EXHIBIT 10.29

                              SUN COMMUNITIES, INC.

                   AMENDED AND RESTATED 1993 STOCK OPTION PLAN

                        RESTRICTED STOCK AWARD AGREEMENT

      Sun Communities, Inc., a Maryland corporation (the "Company"), upon the
recommendation of the Company's Board of Directors (the "Board") and pursuant to
that certain Amended and Restated 1993 Stock Option Plan adopted by the
Company's Board of Directors (the "Plan") and approved by its shareholders, and
in consideration of the services to be rendered to the Company or its
subsidiaries by Gary A. Shiffman ("Employee"), hereby grants and issues, as of
May 10, 2004 (the "Date of Grant"), to Employee seventy-five thousand (75,000)
shares of the Company's Common Stock, par value $0.01 per share (the "Shares"),
subject to the terms and conditions contained in this Restricted Stock Award
Agreement (the "Agreement") and subject to all the terms and conditions of the
Plan, which are incorporated by reference herein. Employee agrees to the
provisions set forth herein and in the Plan and acknowledges that each such
provision is a material condition of the Company's agreement to issue the Shares
to him. All capitalized terms used but not otherwise defined in this Agreement
shall have the meanings ascribed to such terms in the Plan.

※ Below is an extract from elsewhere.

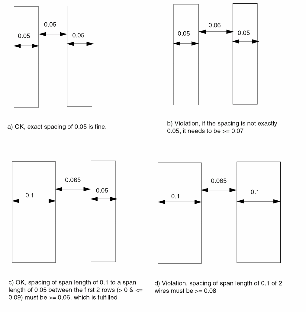 The following example indicates that 0.1 μm is the wire to wire spacing for voltage greater than or equal to 2.0V and less than 3.0V, 0.15 μm is the wire to wire spacing for voltage greater than or equal to 3.0V and less than 4.0V, and 0.2 μm is the wire to wire spacing for voltage greater than or equal to 4.0V:

                        I. RECEIPT AND DELIVERY OF SHARES

      Until such time as the Shares vest in accordance with Section II below,
the stock certificate or certificates evidencing the Shares shall be registered
in the name of Employee but held in escrow by the Company. As soon as
practicable after the date upon which any Shares vest, the Company shall deliver
to Employee a certificate or certificates representing such vested Shares,
registered in the name of Employee.

                              II. VESTING SCHEDULE

      (a) Subject to the restrictions and conditions set forth in the Plan,
18,750 of the Shares (the "Time-Vesting Shares") shall vest in full on May 10,
2007, provided that Employee is employed by the Company on such date. Subject to
the restrictions and conditions set forth in the Plan, the remaining 56,250
Shares (the "Performance-Vesting Shares") shall vest on March 1, 2010 (provided
that Employee is employed by the Company on such date) on the basis of the
compound annual growth rate of the Company's funds from operations per weighted
average number of outstanding shares of Common Stock on a fully diluted basis
(as determined by reference to the Company's audited financial statements) (the
"Per Share FFO") for the period commencing April 1, 2004 and ending December 31,
2009 (the "CAGR"), determined by comparing the Per Share FFO for the year ending
December 31, 2009 to $3.20 (which was the Per Share FFO for the quarter ended
March 31, 2004 on an annualized basis), as follows:



                                          At least 5%    At least 6%      At least 7%      At least 8%
                             Less than     but less        but less        but less         but less
CAGR                             5%         than 6%        than 7%          than 8%          than 9%         At least 9%
- --------------------------   ---------    ----------     -----------      -----------      -----------       ----------
                                                                                           
No. of Performance-
Vesting Shares vesting
on March 1, 2010                 0           26,250         41,250          48,750            52,500           56,250




      (b) All Performance-Vesting Shares that do not vest on March 1, 2010 in
accordance with Section II(a) above shall be automatically forfeited to the
Company and, accordingly, Employee shall forfeit all right, title and interest
in and to such forfeited Performance-Vesting Shares.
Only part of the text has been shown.